* **Your goal**:
A verbatim transcript of the data that follows, free of images, is the expected result.

[Given records — start]

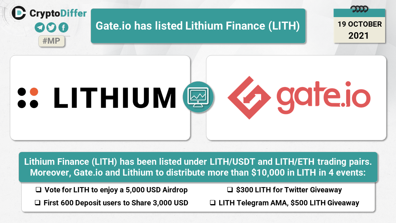Lithium Finance (LITH) has been listed under LITH/USDT and LITH/ETH trading pairs. Moreover, Gate and Lithium to distribute more than $10,000 in LITH in 4 events.
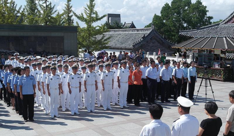 (驻岛官兵、景区职工、驻威学生代表在开馆仪式现场)
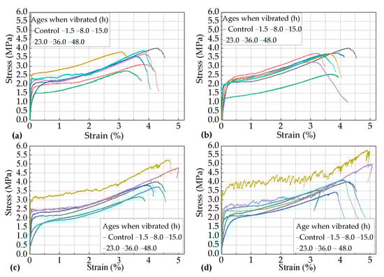The strain- stress curves of the twenty-four groups of vibrated specimens and the one group of control specimens at different ages when vibrated for 1.5 h, 8.0 h, 15.0 h, 23.0 h, 36.0 h, and 48.0 h, subjected to the combination of a constant duration of 5.0 h and different levels of vibration frequency of 2.0 Hz, 3.0 Hz, 4.0 Hz, and 5.0 Hz, are shown in Figure 4. The rates of cracking strength (σcc), ultimate tensile strength (σcu), and strain (εcu) of the variated specimens over the cracking strength (σvc), ultimate tensile strength (σvu), and strain (εvu) of the control specimens with the increase of ages when vibrated are shown as Figure 5.
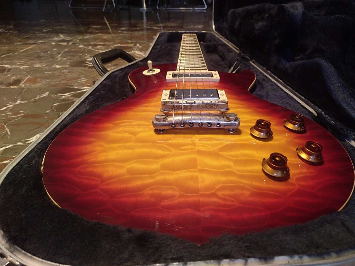 Vendo una 136q debe ser cherry burst (o similar) antigua (no sé cuantos años tendrá, 10 seguro, en los comentarios me dicen que, por el número de serie, es del 2010) con SD59, clavijeros Groover (de los buenos) instalados impecablemente por David Rossi. Viene a ser una 58, con mástil gordo, pero japonesa.
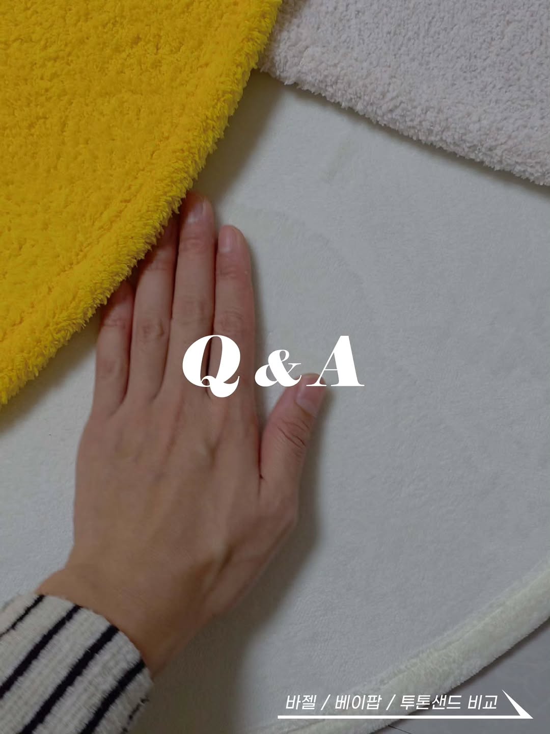 러그 종류가 많아 헷갈리시죠?😵💫 Q&A 모아 정리 해 봤어요! 〰️〰️〰️〰️〰️ ⁉️바젤 / 베이팝 / 투톤샌드 소재? 포근하고 부드러운건 전부 동일 전부 확실한 단모라 타사 제품보다 오염관리 월등히 높아요! [바젤] 밀도감 ★★★★★ 부드러움 ★★★★★ 바닥 밀착력 ★★★ [베이팝] 밀도감 ★★★ 부드러움 ★★★★★ 바닥 밀착력 ★★★★★ [투톤샌드] 밀도감 ★★★★ 부드러움 ★★★★★ 바닥 밀착력 ★★★★★ ⁉️'바젤' 사용시 미끄럽지 않나요? 수면양말, 일반양말, 맨발에도 전부 미끄러짐 없었고 아이들이 뛰어다녀도 멀쩡했어요! ⁉️두께는 어느정도 인가요? 바젤 / 베이팝 / 투톤샌드 전부 테두리 기준 1cm 두께로 타사 제품보다 월등히 도톰해요 ⁉️맨발로 밟는 촉감 차이? 셋 다 도톰해서 푹신한건 동일하지만 [바젤] 촘촘한 기모가 피부에 닿는 느낌 [베이팝 / 투톤샌드] 부드러운 양털이 피부에 닿는 느낌 ⁉️바닥에 밀착은 잘 되나요? 바닥 밀착력은 바젤 보다 베이팝 / 투톤샌드가 더 좋아요! 로봇청소기 쓰신다면 베이팝 / 투톤샌드 추천! ⁉️확실하게 포인트 되는 러그는? 여기 저기 포인트 주기 좋은건 색상 다양한 베이팝 강력추천! ⁉️200*300 세탁 시 탈수 되나요? 24kg 세탁기 기준, 탈수 안됐어요! 200*300은 30kg 이상 세탁기 권장합니다🫡 ⁉️모델별 청소 난이도 비교 [바젤] 손줍줍 ★/돌돌이 ★/청소기 ★ [베이팝] 손줍줍 ★★/돌돌이 ★/청소기 ★ [투톤샌드] 손줍줍 ★/돌돌이 ★/청소기 ★ ⁉️방수력 차이 비교 바젤은 방수력이 뛰어나고 베이팝 / 투톤샌드는 흡수력이 뛰어나요! ⁉️오염 시 제거 난이도 비교 [바젤]★ 물티슈 만으로 제거가 거의 가능하고 가벼운 초콜릿 얼룩은 쉽게 지워짐 [베이팝 / 투톤샌드] ★★ 물티슈 만으로 제거하기는 어렵지만 기계 세탁 후 웬만한 얼룩들 완벽히 제거됨 ⁉️기계 세탁 가능? 손상 없나요? 모든 러그는 기계 세탁 가능하고 찬물 세탁에도 러그 손상 없이 완벽하게 오염제거 됩니다! ⁉️각 모델별 적용 예시는 영상으로 확인 해 주세요! 〰️〰️〰️〰️〰️ 📍후기 평점만 4.8 이상 인기템 모두 모아 공구 진행 합니다🎉 📍공구 모델 바젤 (러그,주방매트) 베이팝 (러그, 주방매트) 투톤샌드 (러그) 📍사이즈 구성 - 러그 S (100*150) M (160*240) L (200*300) ---------- - 주방매트 50*120 50*150 〰️〰️〰️〰️〰️ 🎁이벤트 있어요! ★구매고객 증정 M사이즈 이상 구매고객 전원 (베이팝 워셔블 도어매트 40*60 타원형) 증정! ★구매인증(5명 추첨) 구매 후 '오픈피드'에 '성함+연락처 뒤4자리' 남겨주시면 (베이팝 워셔블 50*120 롱구름) 증정! ※사은품 색상은 랜덤 입니다! 〰️〰️〰️〰️〰️ 📍공구일정 4월8일(오전10:00) ~ 4월12일 📍댓글에 ❤️ 남겨 주시면 빠르게 링크 보내드려요📨 #헤이베이 #인생러그 #멋쓰랩 #공구중

[Given records — finish]

* **Response area**:
Lithium Finance (LITH) has been listed under LITH/USDT and LITH/ETH trading pairs. Moreover, Gate and Lithium to distribute more than $10,000 in LITH in 4 events.
 (驻岛官兵、景区职工、驻威学生代表在开馆仪式现场)
The strain- stress curves of the twenty-four groups of vibrated specimens and the one group of control specimens at different ages when vibrated for 1.5 h, 8.0 h, 15.0 h, 23.0 h, 36.0 h, and 48.0 h, subjected to the combination of a constant duration of 5.0 h and different levels of vibration frequency of 2.0 Hz, 3.0 Hz, 4.0 Hz, and 5.0 Hz, are shown in Figure 4. The rates of cracking strength (σcc), ultimate tensile strength (σcu), and strain (εcu) of the variated specimens over the cracking strength (σvc), ultimate tensile strength (σvu), and strain (εvu) of the control specimens with the increase of ages when vibrated are shown as Figure 5.
 Vendo una 136q debe ser cherry burst (o similar) antigua (no sé cuantos años tendrá, 10 seguro, en los comentarios me dicen que, por el número de serie, es del 2010) con SD59, clavijeros Groover (de los buenos) instalados impecablemente por David Rossi. Viene a ser una 58, con mástil gordo, pero japonesa.
 러그 종류가 많아 헷갈리시죠?😵💫 Q&A 모아 정리 해 봤어요! 〰️〰️〰️〰️〰️ ⁉️바젤 / 베이팝 / 투톤샌드 소재? 포근하고 부드러운건 전부 동일 전부 확실한 단모라 타사 제품보다 오염관리 월등히 높아요! [바젤] 밀도감 ★★★★★ 부드러움 ★★★★★ 바닥 밀착력 ★★★ [베이팝] 밀도감 ★★★ 부드러움 ★★★★★ 바닥 밀착력 ★★★★★ [투톤샌드] 밀도감 ★★★★ 부드러움 ★★★★★ 바닥 밀착력 ★★★★★ ⁉️'바젤' 사용시 미끄럽지 않나요? 수면양말, 일반양말, 맨발에도 전부 미끄러짐 없었고 아이들이 뛰어다녀도 멀쩡했어요! ⁉️두께는 어느정도 인가요? 바젤 / 베이팝 / 투톤샌드 전부 테두리 기준 1cm 두께로 타사 제품보다 월등히 도톰해요 ⁉️맨발로 밟는 촉감 차이? 셋 다 도톰해서 푹신한건 동일하지만 [바젤] 촘촘한 기모가 피부에 닿는 느낌 [베이팝 / 투톤샌드] 부드러운 양털이 피부에 닿는 느낌 ⁉️바닥에 밀착은 잘 되나요? 바닥 밀착력은 바젤 보다 베이팝 / 투톤샌드가 더 좋아요! 로봇청소기 쓰신다면 베이팝 / 투톤샌드 추천! ⁉️확실하게 포인트 되는 러그는? 여기 저기 포인트 주기 좋은건 색상 다양한 베이팝 강력추천! ⁉️200*300 세탁 시 탈수 되나요? 24kg 세탁기 기준, 탈수 안됐어요! 200*300은 30kg 이상 세탁기 권장합니다🫡 ⁉️모델별 청소 난이도 비교 [바젤] 손줍줍 ★/돌돌이 ★/청소기 ★ [베이팝] 손줍줍 ★★/돌돌이 ★/청소기 ★ [투톤샌드] 손줍줍 ★/돌돌이 ★/청소기 ★ ⁉️방수력 차이 비교 바젤은 방수력이 뛰어나고 베이팝 / 투톤샌드는 흡수력이 뛰어나요! ⁉️오염 시 제거 난이도 비교 [바젤]★ 물티슈 만으로 제거가 거의 가능하고 가벼운 초콜릿 얼룩은 쉽게 지워짐 [베이팝 / 투톤샌드] ★★ 물티슈 만으로 제거하기는 어렵지만 기계 세탁 후 웬만한 얼룩들 완벽히 제거됨 ⁉️기계 세탁 가능? 손상 없나요? 모든 러그는 기계 세탁 가능하고 찬물 세탁에도 러그 손상 없이 완벽하게 오염제거 됩니다! ⁉️각 모델별 적용 예시는 영상으로 확인 해 주세요! 〰️〰️〰️〰️〰️ 📍후기 평점만 4.8 이상 인기템 모두 모아 공구 진행 합니다🎉 📍공구 모델 바젤 (러그,주방매트) 베이팝 (러그, 주방매트) 투톤샌드 (러그) 📍사이즈 구성 - 러그 S (100*150) M (160*240) L (200*300) ---------- - 주방매트 50*120 50*150 〰️〰️〰️〰️〰️ 🎁이벤트 있어요! ★구매고객 증정 M사이즈 이상 구매고객 전원 (베이팝 워셔블 도어매트 40*60 타원형) 증정! ★구매인증(5명 추첨) 구매 후 '오픈피드'에 '성함+연락처 뒤4자리' 남겨주시면 (베이팝 워셔블 50*120 롱구름) 증정! ※사은품 색상은 랜덤 입니다! 〰️〰️〰️〰️〰️ 📍공구일정 4월8일(오전10:00) ~ 4월12일 📍댓글에 ❤️ 남겨 주시면 빠르게 링크 보내드려요📨 #헤이베이 #인생러그 #멋쓰랩 #공구중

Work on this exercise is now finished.